As digital products develop rapidly towards portability, the lightweighting of aluminum casings has become a core demand, but weight reduction is often accompanied by a reduction in structural strength, and finding a balance between the two is a key challenge in the processing of aluminum casings. This requires synergy from a variety of dimensions, such as materials, design, process, testing, etc., to achieve the objective of no-loss intensity through scientific programmes, as detailed below。

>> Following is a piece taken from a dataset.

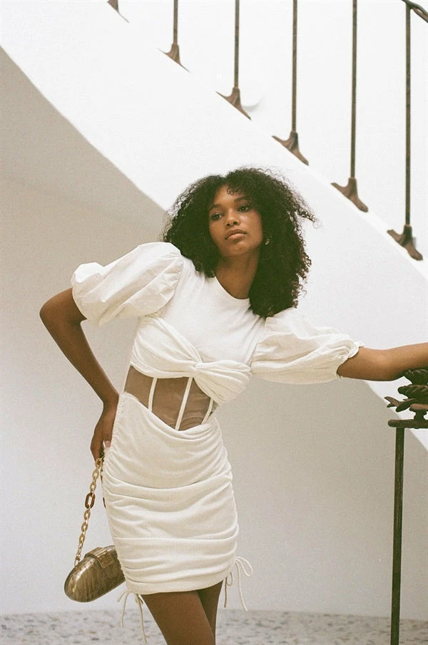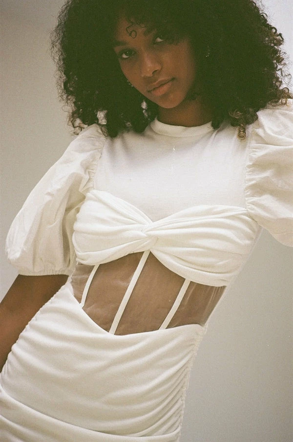 Let us do the layering! The Venezia Corset Dress is made from an off white jersey fabric. It features short puff sleeves, high rounded neckline, overlay bust detail, sheer boned corset and fitted gathered skirt with adjustable drawstrings at sides. Pair with the Transparent Mules for your next night out! Designed exclusively by Sabo.

Selection: building a balance based on material characteristics
Normal aluminium, although light in weight, is difficult to meet the processing needs for digital aluminium casings, and priority is therefore given to a combination of light and high-strength aluminium alloys. High-strength aluminium alloys themselves have excellent mechanics and can achieve the required strength without relying on too thick a wall thickness to provide the potential for weight reduction from source。
For the use of different digital products, a suitable type of aluminium alloy can be selected: a daily digital product, a comprehensive and balanced aluminium alloy, with a balance between weight reduction and base strength. For products with higher intensity requirements, the option of higher-strength aluminium alloys is to achieve further weight reduction while ensuring that the shell can withstand higher external force. The pursuit of extremely light portable products can be accompanied by special aluminum alloys of lower density, with maximum weight reduction while maintaining strength。
Ii. Structural optimization: replacement of thickness redundancy with scientific design
Traditional aluminium shell processes rely on thick wall thickness to increase strength, which can lead to an increase in the weight of the shell and, through structural optimization, enhance performance while reducing the overall wall thickness. Differentiated design of different regions for shell stress characteristics: key areas such as vulnerability, deformable edges, interfaces, can be partially thickened or designed to increase the spread of stress. Area with a low demand for internal non-utility devices, designed to reduce material usage using an empty or grid while safeguarding overall stability. Curved or fluid-type designs can also increase intensity, spread out external forces, reduce stress concentration and avoid local fragmentation after thinning。
Process upgrading: securing stability through precision processing
When the material and design options are reasonable, the normative effects of the aluminium shell process directly affect the shell strength. The application of high-speed precision processing equipment combined with appropriate knife sets can reduce cutting and temperature and avoid defects in aluminium materials due to high temperature softening or stress concentration; thermal processing after processing removes internal stress, restores and enhances aluminium material mechanics and avoids the hardening of processing leading to increased flarity; surface treatment such as an anode oxidation can form membrane in the outer crust, improves the resilience to scratch, anti-corrosion, and does not significantly increase weight, adding protection to light crust。
Test validation: ensure that weight reduction and intensity are achieved
Once the aluminium shell process has been completed, it is necessary to avoid the hazard of strength through rigorous detection. Mechanical performance tests simulate daily crowding and falling scenes to detect the external resistance of the shell; size-precision screening process deviations to avoid local intensity declines due to sub-standard size of critical areas and to ensure overall stability。
In sum, the balance between the light thinning and intensity of the digital aluminium shell process requires a combination of material, design, process and detection. Through such a systematic programme, the quest for digital product portability can be met while the shell remains structurally stable in its long-term use, supporting the reliable operation of various digital products。